In A, the examiner stands at the patient’s right side and rotates the patient’s head 45 degrees to the right to align the right posterior semicircular canal with the sagittal plane of the body. In B, the examiner moves the patient, whose eyes are open, from the seated to the supine right ear–down position with the head extended past the edge of the examination table. The latency, duration, and direction of nystagmus, if present, and the latency and duration of vertigo, if present, should be noted. The arrows in the inset depict the direction of nystagmus in patients with typical benign paroxysmal positional vertigo. The presumed location in the labyrinth of the free-floating otoliths thought to cause the disorder is also shown.
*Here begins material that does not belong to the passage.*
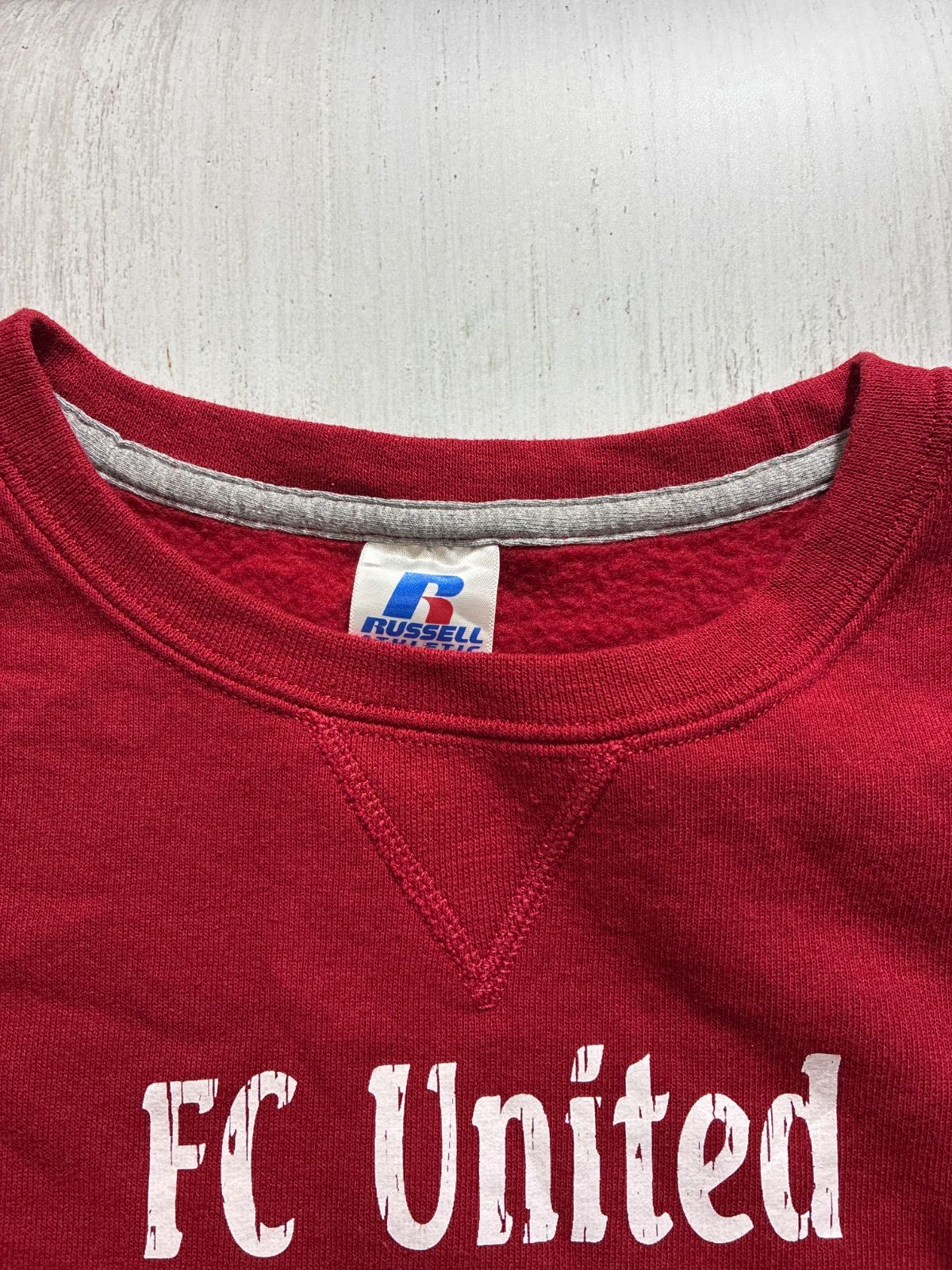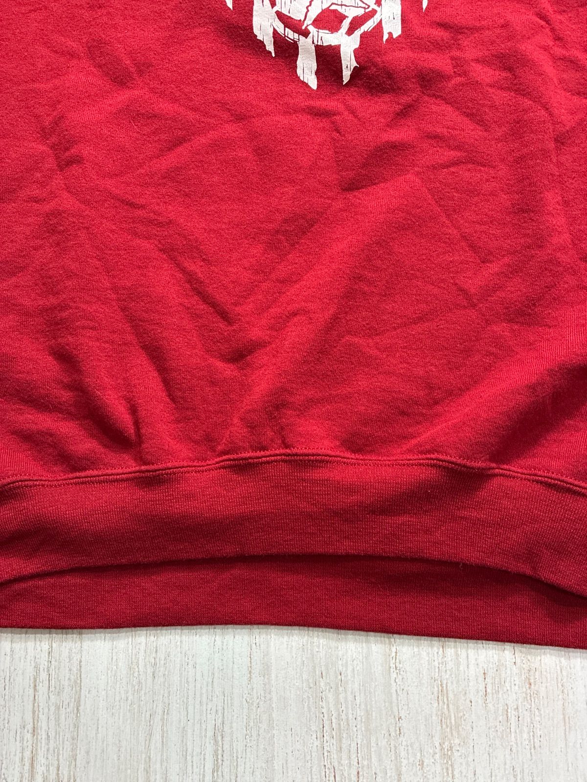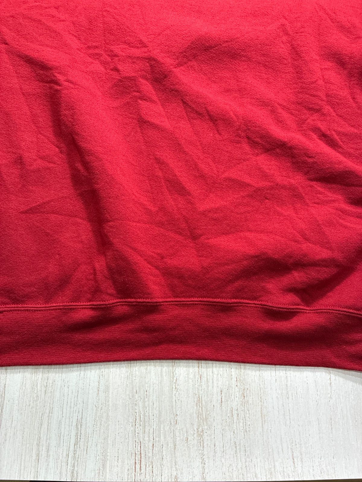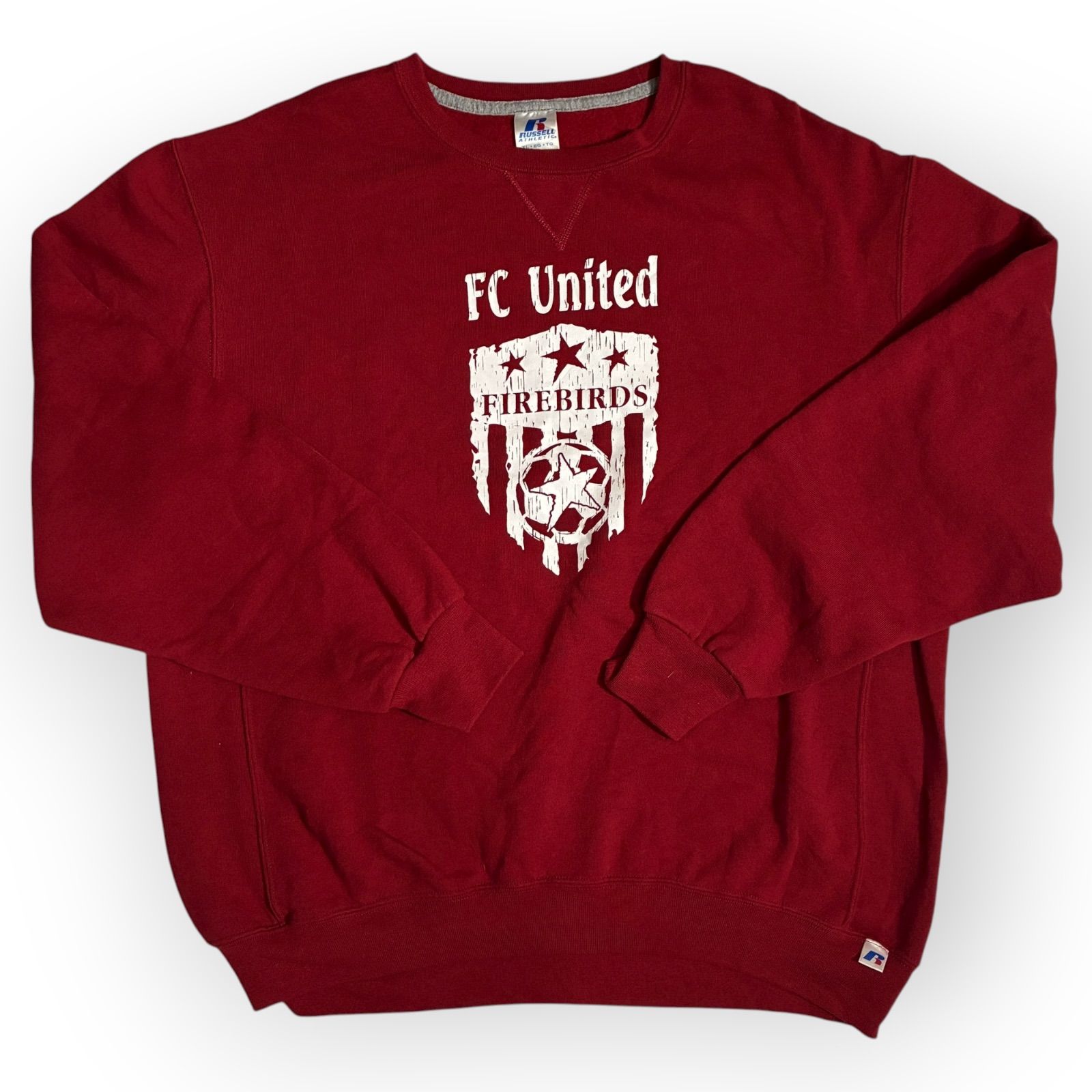 アメカジの定番である鮮やかなレッドのボディに、フロントには「FC United FIREBIRDS」のチームロゴがプリントされています。あえてかすれたような「クラックプリント」が採用されており、手に入れたその日から古着ならではのこなれた雰囲気を楽しめます。

(From Furman JM, Cass SP. Benign paroxysmal positional vertigo. N Engl J Med 1999;341:1590–6.)

Box 96.2 Findings on the Dix-Hallpike Test in Patients with Benign Paroxysmal Positional Vertigo

Latency is approximately 3 to 10 seconds.

Significant subjective vertigo is present.

The intensity of vertigo escalates and then slowly resolves.

Vertigo and nystagmus last for approximately 5 to 30 seconds.

The nystagmus is upbeat (toward the forehead) and torsional toward the abnormal ear.

The nystagmus often reverses direction when the patient returns to the seated position.

Fatigability—the vertigo and nystagmus decrease and eventually subside with repeated positioning.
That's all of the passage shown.